Britain could lose most of its traditional countryside in just a generation, the Council for the Protection of Rural England (CPRE) warned on 8 September. Apparently plans to build new homes threaten to concrete over the countryside.
The CPRE’s fears are shared by many. Not just the Daily Mail and the Tory shires, but Urban Taskforce chairman Richard Rogers and Guardianistas like Tristram Hunt and Ros Coward are up in arms about the threat to Britain’s countryside.
But is there really any danger of concreting over the countryside? The answer is no. Just do the maths.

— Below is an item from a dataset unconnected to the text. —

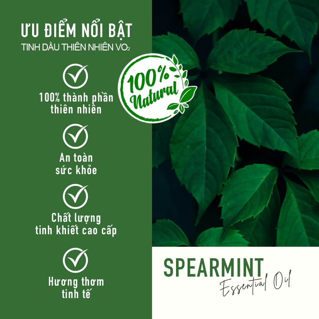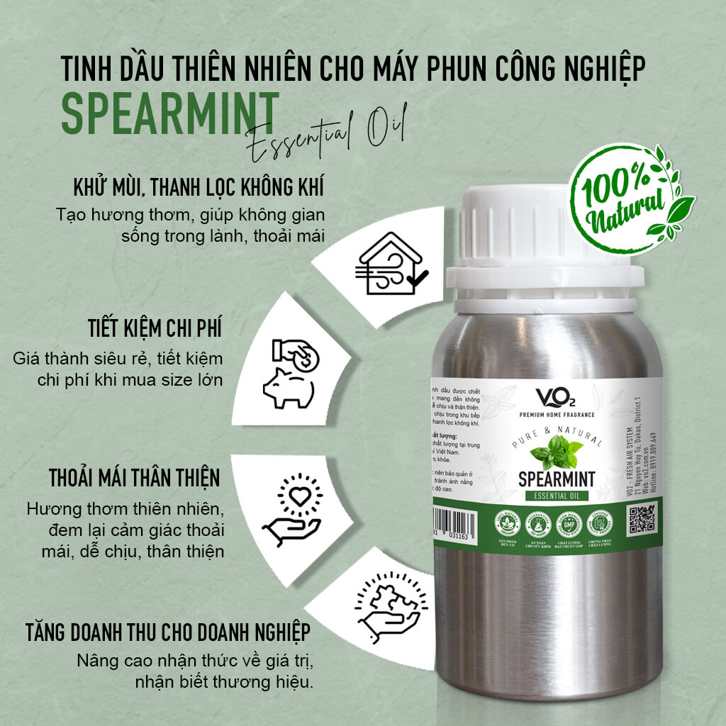 VO2 Pure Collection - Spearmint là dòng tinh dầu thiên nhiên cao cấp, chiết xuất từ lá bạc hà nguyên chất, mang đến hương thơm thanh mát, dịu nhẹ, và tràn đầy năng lượng. Được thiết kế chuyên dụng cho các máy phun tinh dầu công nghiệp, sản phẩm giúp thanh lọc không khí, khử mùi hiệu quả và tạo cảm giác sảng khoái cho mọi không gian.

Few people will believe it when you tell them, but only 12 per cent of the UK is built up, whereas fully three-quarters is farmland. The reason that they do not believe you is partly to do with the psychology of perception, and partly to do with deeply held fears. We perceive the UK as overwhelmingly a built-up country, because almost all of us live in built-up areas. The country that we move around in, nine-tenths of the time, is concreted over. But that does not mean that that is all there is. If you fly over England you will see that vast stretches of it are green: eighty-eight per cent of it, in fact.
More profoundly, the belief that concrete is swallowing up the countryside arises out of our social attitudes. The countryside stands for virgin nature, untouched by human hand (which is ironic, considering it is entirely the product of agricultural development). The town, by contrast, stands for the artificial. As the old saying goes: God made the country, man made the town.